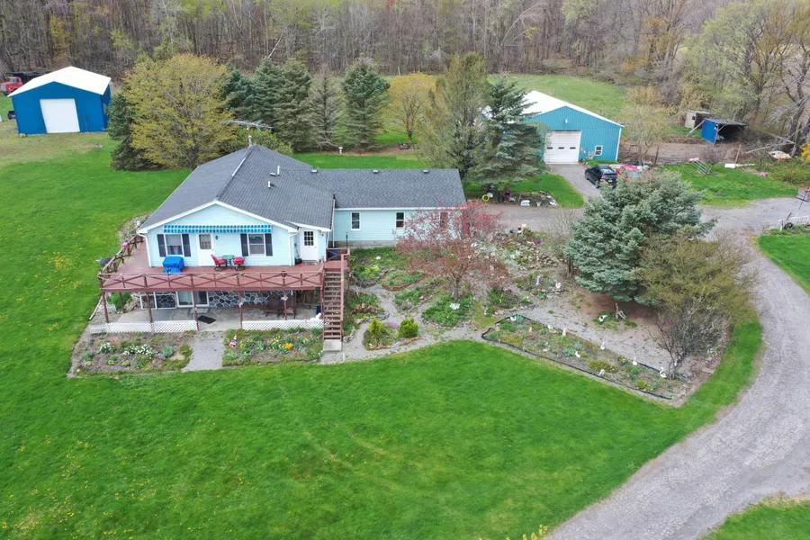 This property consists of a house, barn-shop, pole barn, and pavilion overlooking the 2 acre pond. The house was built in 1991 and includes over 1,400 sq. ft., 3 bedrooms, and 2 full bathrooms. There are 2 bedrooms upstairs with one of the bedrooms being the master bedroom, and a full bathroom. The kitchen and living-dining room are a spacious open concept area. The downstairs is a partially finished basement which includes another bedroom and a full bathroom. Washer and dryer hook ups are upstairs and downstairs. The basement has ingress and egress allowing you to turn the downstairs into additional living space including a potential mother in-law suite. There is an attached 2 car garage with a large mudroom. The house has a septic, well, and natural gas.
...
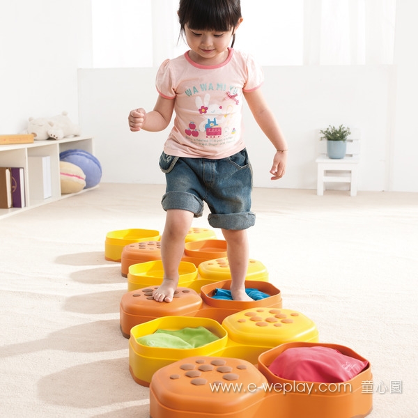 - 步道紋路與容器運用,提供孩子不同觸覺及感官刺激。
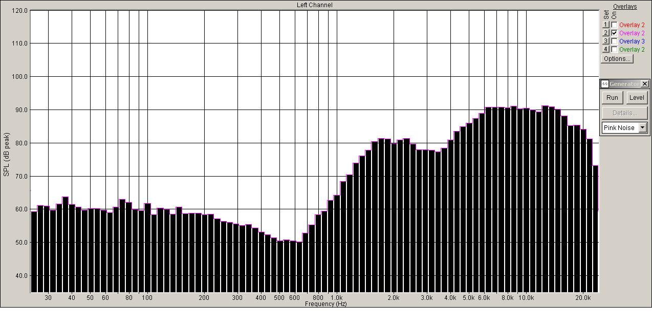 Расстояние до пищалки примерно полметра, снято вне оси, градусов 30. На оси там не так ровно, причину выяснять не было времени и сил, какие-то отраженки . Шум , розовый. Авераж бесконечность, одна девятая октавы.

▸ **WHAT YOU ARE ASKED TO DO**
Take the material above and output only the lines from the one that contains "- 步道紋路與容器運用,提供孩子不同觸覺及感官刺激。" through the one that contains "Расстояние до пищалки", ends included and images left out.

▸ **WRITTEN RESPONSE**
 - 步道紋路與容器運用,提供孩子不同觸覺及感官刺激。
 Расстояние до пищалки примерно полметра, снято вне оси, градусов 30. На оси там не так ровно, причину выяснять не было времени и сил, какие-то отраженки . Шум , розовый. Авераж бесконечность, одна девятая октавы.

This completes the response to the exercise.